I want to express where I stand and where my online consulting and coaching business and therapy practice stands regarding racial injustice and social inequity. I do not want to perpetuate being safe but silent, business as usual, nor settle for being a “nice, kind, appropriate, and nonviolent” white woman who inadvertently contributes to the problem.

First, to all our Black sisters and brothers, and indeed to all Black, Indigenous, People of Color (BIPOC) who are harmed by current systems of domination:

I am outraged and heartbroken at the the generational, historical trauma you have endured and continue to endure today.

I will stay present to your suffering, trauma, despair and outrage. I see it, I hear it, I care about it. I don’t pretend our pain is “equal” or the same. I mourn with you.

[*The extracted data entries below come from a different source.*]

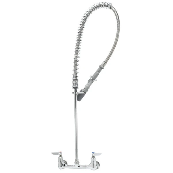 T&S Brass And Bronze Works T&S B-0133-CR-C EasyInstall Wall Mounted 33 1/4″ High Pre-Rinse Faucet With Adjustable 8″ Centers, Low Flow Spray Valve, And 44″ Hose
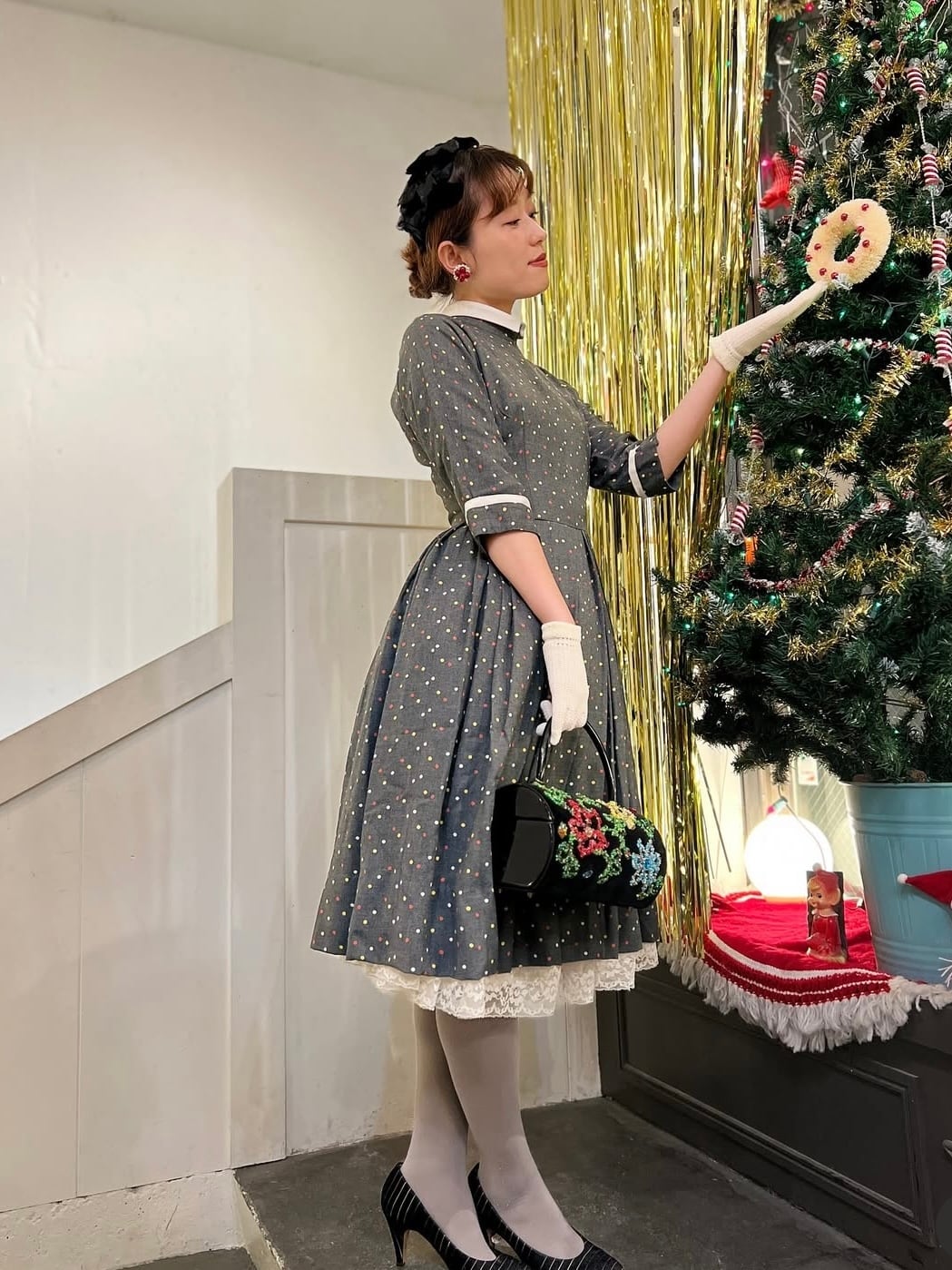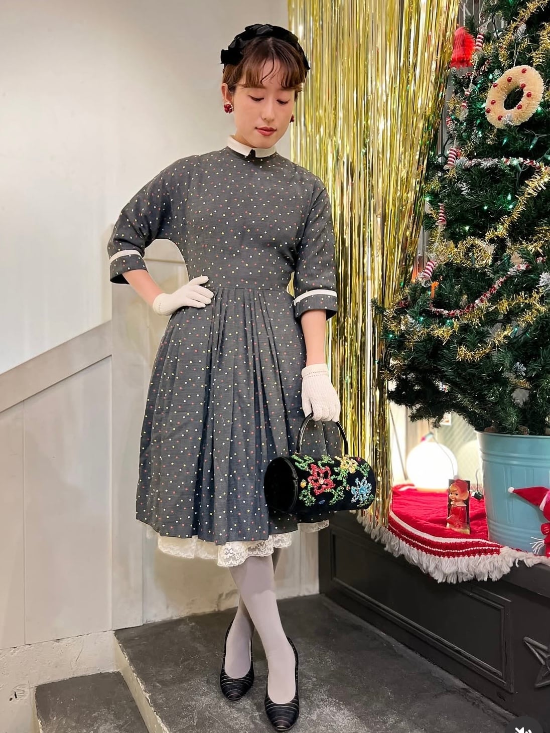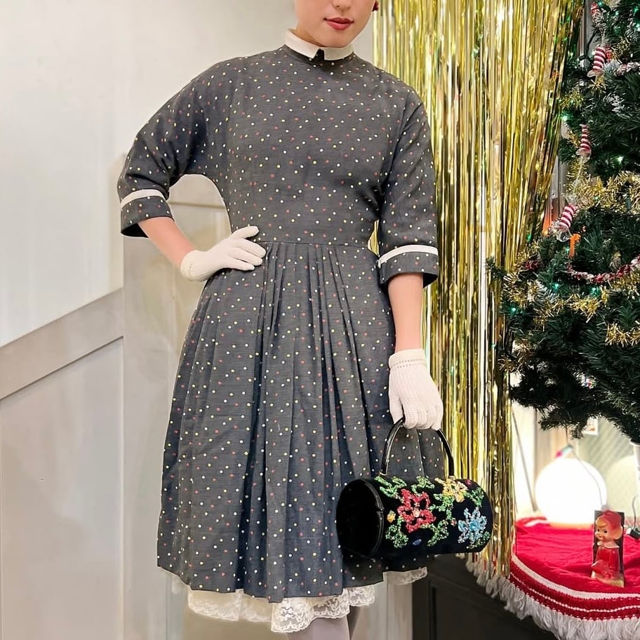 50's gray dot dress
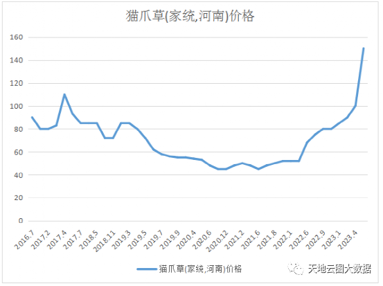 2022年产新后传出减产,加上有部分农户减少了种植面积,关注商家增加,价格上涨到80元。2023年产地继续传出减产消息,猫爪草价格继续大幅走高,行情来到150元。
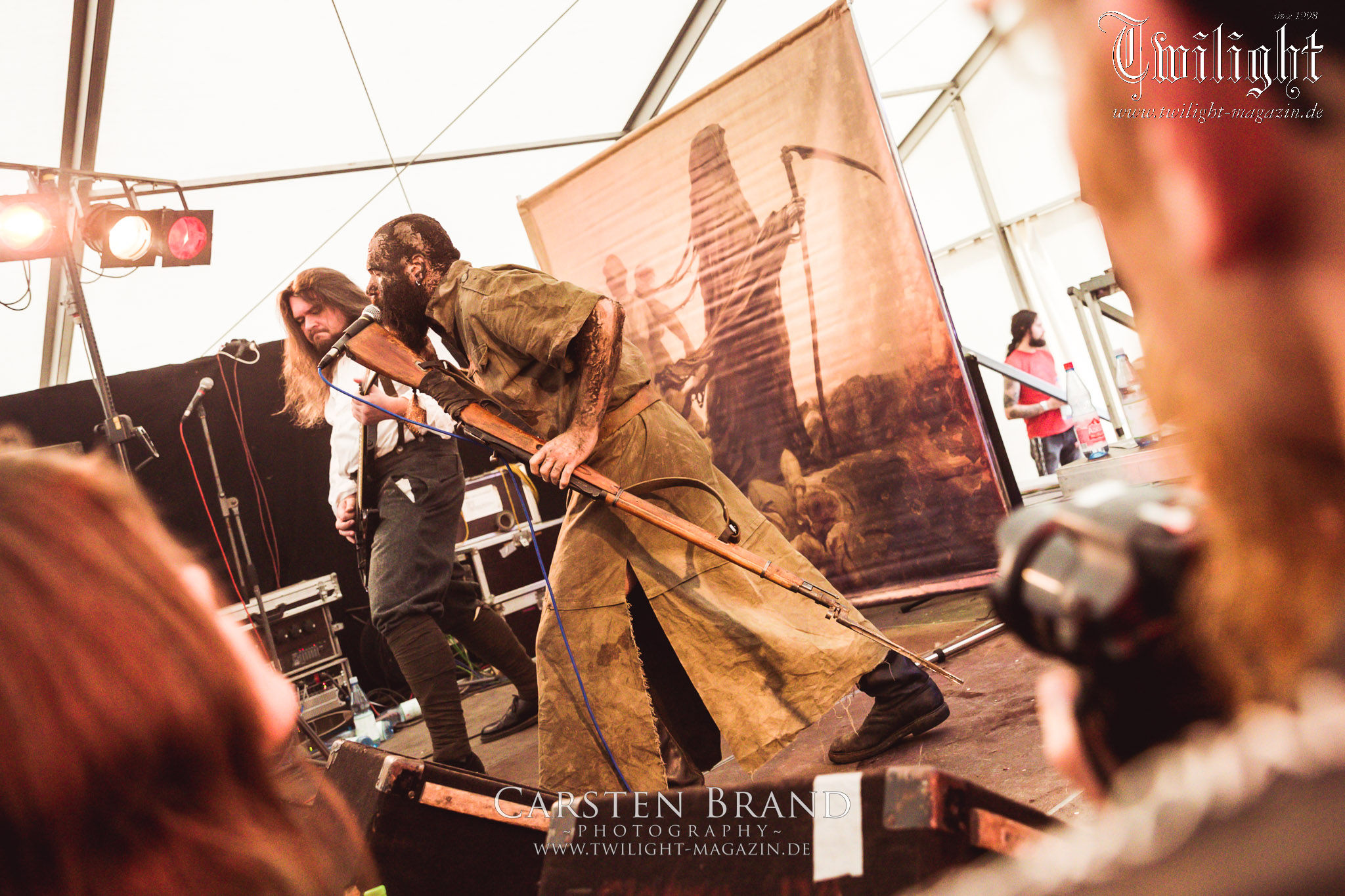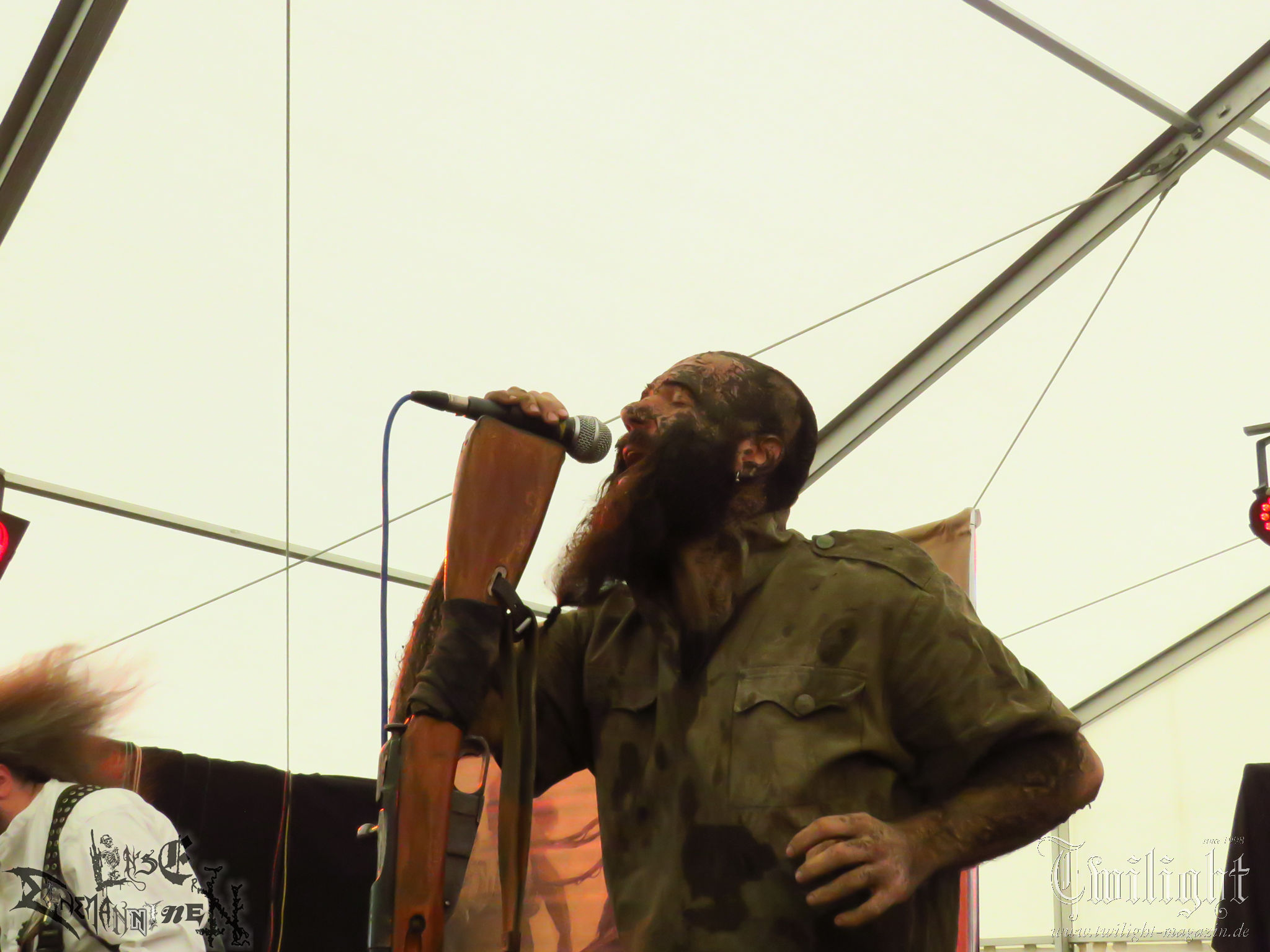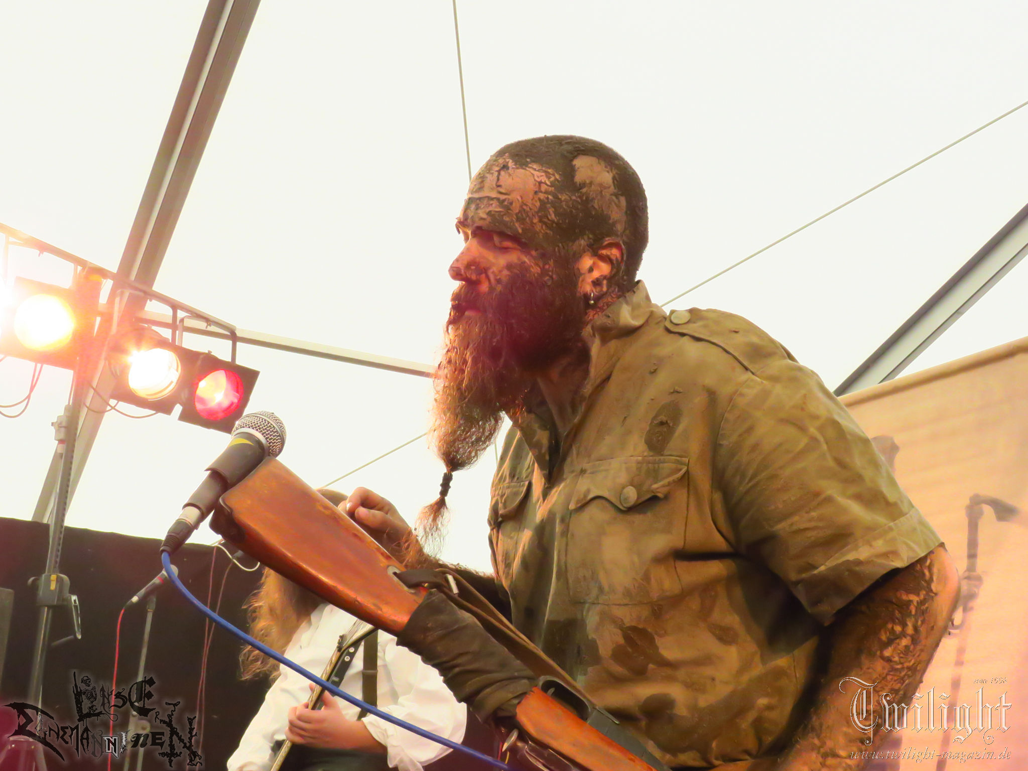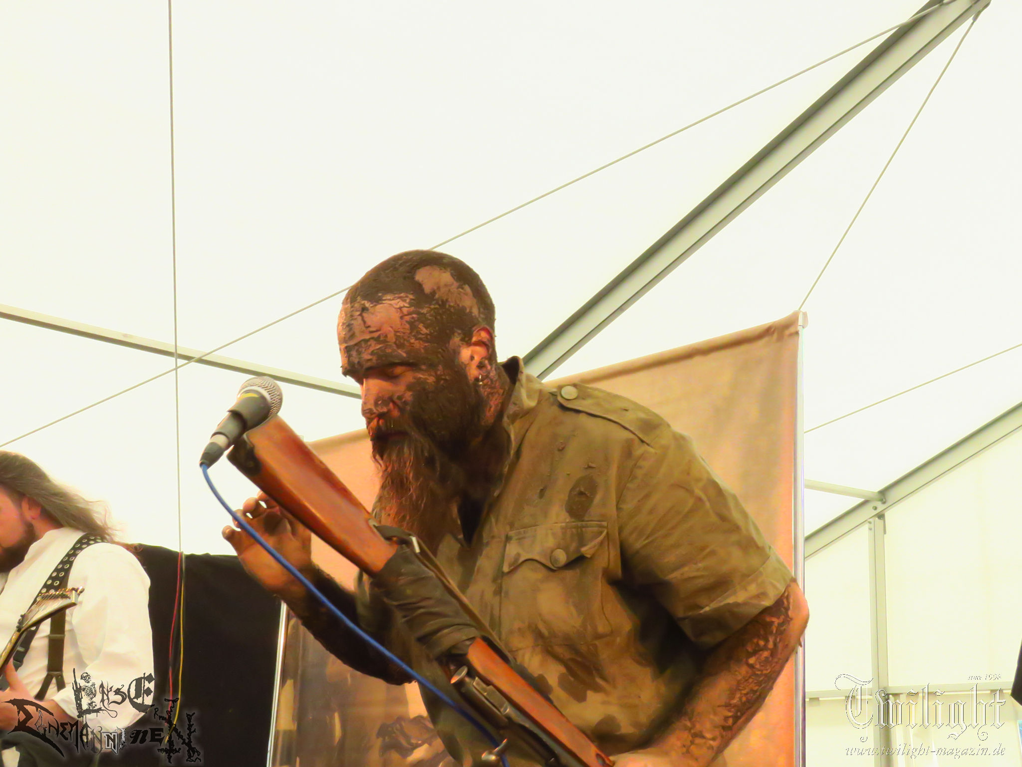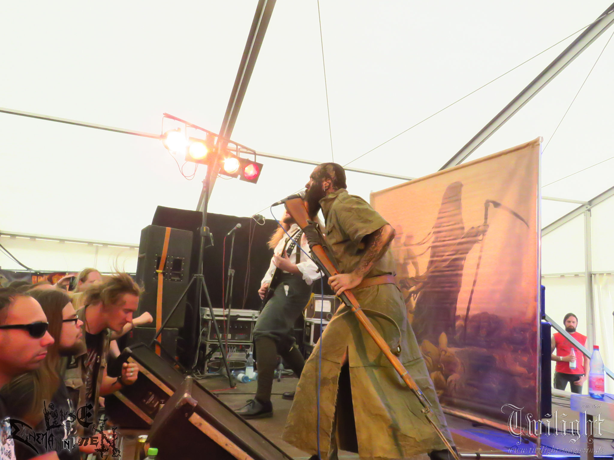 In aller Munde sind zur Zeit 1914 aus der Ukraine, deren Lyric-Video zum Epos "A Hundred Day Offensive" aus dem jüngst veröffentlichten Album "Blind Leading The Blind" in der Szene schon fast viral ging. Dementsprechend ist das Zelt proppenvoll, als die Band ihren Set startet. Während sich die Instrumental-Fraktion uniformiert im Hintergrund hält und ein unbarmherziges musikalisches Trommelfeuer über den Köpfen des Publikums niedergeht, scheint der Sänger direkt aus einem schlammigen Schützengraben der unzähligen Materialschlachten des WK l auferstanden zu sein. Der Mann durchlebt und durchleidet die Geschichten, die er besingt, in beängstigender Art und Weise. Und abgesehen davon, dass ich den Gesang aufgrund der eingeschränkten Variabilität auf dem Album für mich als Schwachpunkt ausgemacht hatte, wächst der Herr, der bei 1914 die Rolle des Oberleutnants Ditmar Kumarberg einnimmt, nicht nur stimmlich über sich hinaus. Konzeptionell ist das, was 1914 auf die Beine stellen zwar nicht sonderlich innovativ aber die Art und Weise, wie sie das vermeintlich abgedroschene Thema Krieg musikalisch umsetzen, ist fesselnd und packend. Noch dazu, weil man hier die Anhänger von Asphyx, God Dethroned, Bolt Thrower und Deinonychus gleichermaßen bedient. Denn genau das ist die Schnittmenge, in der sich 1914 stilistisch bewegen. Nach diesem beeindruckenden Auftritt bin ich gespannt, welche Entwicklung diese Band nehmen wird.

I am so sorry for the ways that injustice is perpetuated in the world at large, and also for the ways in which I have hidden behind my own white privilege to stay safe.

Among many other things…

  • I recognize and own the ways in which I’ve wanted “credit” (Rachel Rodgers calls them “cookies”) for my sympathetic values and the ways in which I’ve asked you to do the emotional labor of explaining and educating me about your experiences.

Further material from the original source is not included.